16. Sell Before You Build

Customers don't buy working solutions. They buy a promise of better. Sell better, before investing time, money, and effort building a better product.

Think Demo-Sell-Build versus Build-Demo-Sell.

When you do this, you end up with a product you know customers will buy versus hope they do.

17. Love the Problem, Not Your Solution

Problems, not solutions, create space for innovation. Customers don’t care about your solution but their goals. Identify the problems or obstacles that get in the way of their goals, and you identify the right solution to build.

Having more passion for your solution than your customer’s problem, is a problem.

18. Focus on Time Versus Timing

You can’t control the timing of your idea but you can control how long you spend on your idea. Unlike money or people which can fluctuate up or down, time only moves in one direction.

Time is your scarcest resource. Spend it wisely.

Time-box everything. The power of a deadline is that it comes due — provided, of course, that the world doesn’t come to an end first.
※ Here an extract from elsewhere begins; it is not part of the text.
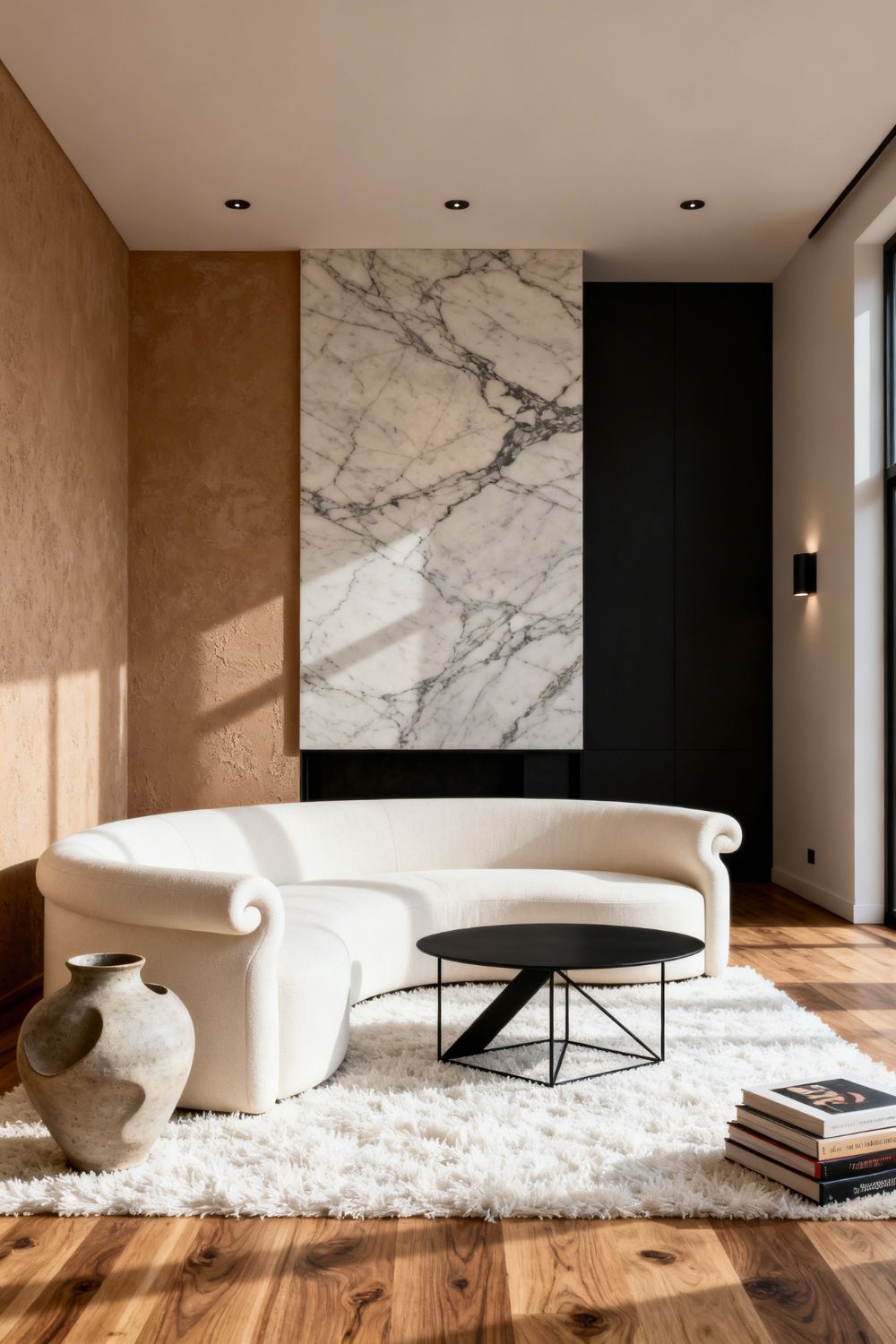 This room leans into quiet luxury with soft neutrals, a bold marble focal wall, and crisp black accents that keep it contemporary. The curved sofa shape adds a gallery-like feel while staying approachable. It suits anyone who hosts often, because the layout keeps conversation centered and pathways clear, while the coffee table and concealed side storage keep clutter out of sight.

Set an appointment with your team to share your results and discuss how you move forward from wherever you end up by the deadline. Set another deadline and go. This is the best way to hold yourself accountable.

19. Value Your Time Correctly

Sweat equity is the most expensive kind of asset. When you risk adjust sweat equity, your effective hourly rate is closer to $1,000/hr.

This means: 

  1. You are investor #1 in your business.
  2. You can’t just look for a 1x or 2x salary return. You have to think 10x.
  3. Everyone gets the same 24 hours.

20. Not Acceleration, But Deceleration

Optimizing for time does not mean going fast on everything, but rather slowing down to focus on the right thing. Pareto’s 80/20 rule applies here. Your biggest results will come from just a few key actions.

Your job is to prioritize what’s riskiest first and ignore the rest — until it becomes what’s riskiest.

21. Not Faux Validation, But Traction

The number of features, size of your team, or how much money you have in the bank are not the right measures of progress.

There is only one metric that matters — TRACTION.

Traction is the rate at which you capture monetizable value from customers.

Don’t ask people what they think of your idea.
Only customers matter.

Don’t ask customers what they think of your idea.
Measure what they do.

22. Remove Failure from Your Vocabulary

The fail-fast meme is all about embracing failure as par for the course. However, the taboo of failure is so crippling that most people work really hard to avoid, sugar-coat, or run away from failure. This is counter-productive. You need to instead completely remove “failure” from your vocabulary.

  1. Break your big ideas or strategies into small, fast, additive experiments.
  2. Use staged rollouts to implement your ideas from small to large scale.
  3. Double-down on good ideas, and silently discard your bad ideas.

When you do these three things, you aren’t failing, but course-correcting towards a larger goal.

Remember: Be brutal with your ideas but have faith in yourself.

23. It’s Time to Act on Your Big Idea

There are no shortages of problems in the world. As a founder, you are wired differently. You are wired to seek out solutions. All you have to do is channel your attention on the right problem. And you’ll leave the world better off than when you entered it. Isn’t that all that really matters?

Don’t waste this moment. It’s time to dust off the ideas deep in the recess of your mind and take action.

It’s time to reboot, level up, and just start.